Hmm, the girls are outside and John isn't here, so no one can stop/tell on me. How about just a quick go around the edges of the firebox to tidy things up a bit. Lots of old white ash, until, uh-oh, still seems hot from this morning and that's a red ember, but I'm good--it fell out. Oh shit, flames shooting out the hose nozzle indicate a small problem! Vacuum off, bang the nozzle on the fireplace, watch burning embers come out--no worries.

Then for my second brain trust moment of the day--I kept vacuuming! Until I smelled smoke and turned around to see black clouds billowing out of the vacuum. Turned it off again, even unplugged it and took it apart. Upon lifting the vacuum bag, the bottom fell out and the piece I was holding bursts into flames. So that's why the vacuum was so hot! I carried the entire mess outside and dumped it in the snow. John came home just in time to inquire why it smelled like we had a bonfire in the living room ('cause we did genius) and to find me stoking the remains of the shop vac and it's contents with a snow shovel.

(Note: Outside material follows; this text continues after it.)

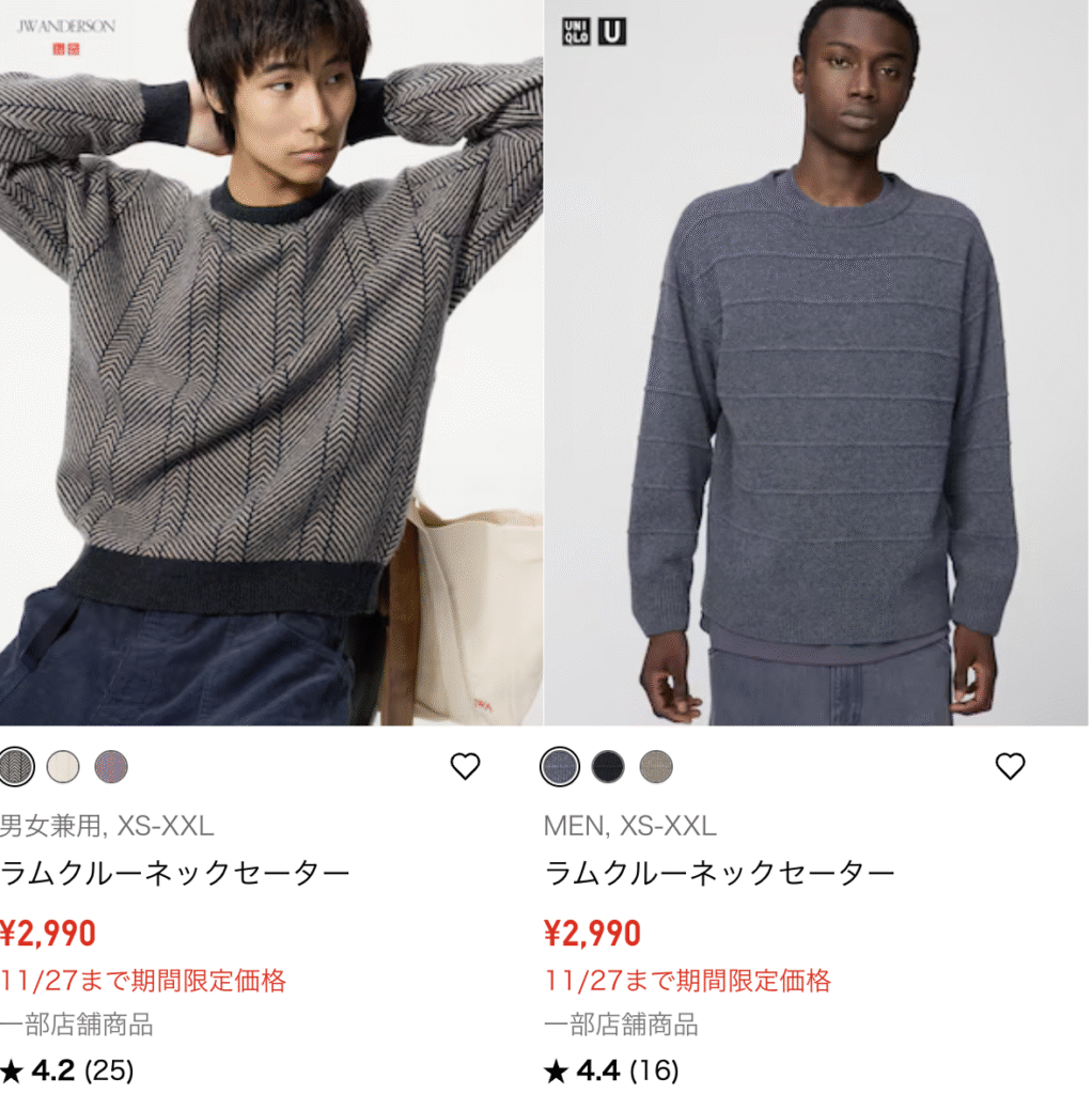 - 2025秋冬:11月3週(感謝祭)U、JWAラムクルーネックセーター(定価4,990円)が通常値下げ(3,990)後期間限定価格の対象に。

Chances are slim I will ever live this one down. But the fireplace looks great and the girls found several of their missing toys in the charred remains of the vacuum bag. Maybe I'll add a shop vac to my birthday wish list.

Friday, January 1, 2010

Happy New Year

There are those who believe you need to do a sampling of everything you want to do in the new year on Jan 1, or at least in the first week of the new year. The formation of this belief is most likely a hodge podge of various superstitious practices I've heard throughout the years. However, I participate--to an extent. The extent being, I fit all I can into Jan 1 and then forget about it the rest of the year.

So far today, I've:
-Overslept and missed the first sunrise of the new year.
-Eaten good luck food (hoppin' john from the Lee Brothers cookbook and a spinach souffle from Mastering the Art of French Cooking)
-Eaten chocolate
-Shaved my legs, nicked myself twice
-Cleaned the house, done laundry. Intend to clean fish tank and brush dogs, but it won't happen
-Going to a friend's house for dinner
-Snowshoed with the girls
-Had my 89 year old grandmom tell me I should use different skin care products so I don't look so old
-Mediated a soap fight between the girls, which resulted in one with bloodshot soap-filled eyes and staining tub finger paints all over their white shower curtain
-Gotten along, fought and made up with my husband
-Ditto with my kids
-Put off writing thank-you notes for another day,

Sounds about right.

We did have an awesome family night in Aspen on New Year's Eve, with ice skating, fireworks and hot chocolate. We made it home in time to watch the ball drop on the East Coast, but forgot about it until 10:08. Evidently, it happened just the same.

At 10:30 I realized we had yet to spread the ashes of our dog who passed away in 2009, and we absolutely had to do it that minute because it was the last day of 2009, a blue moon and a lunar eclipse--thus very auspicious. It was also 2 degrees outside. John pointed that Harley was dead and cremated, thus probably wouldn't mind if we waited until it was warm and daylight. After which, he went to bed. His case had merit, so I called it a night too.

Today's feeling regarding my rapidly approaching 40th: it's just another day, so get over it.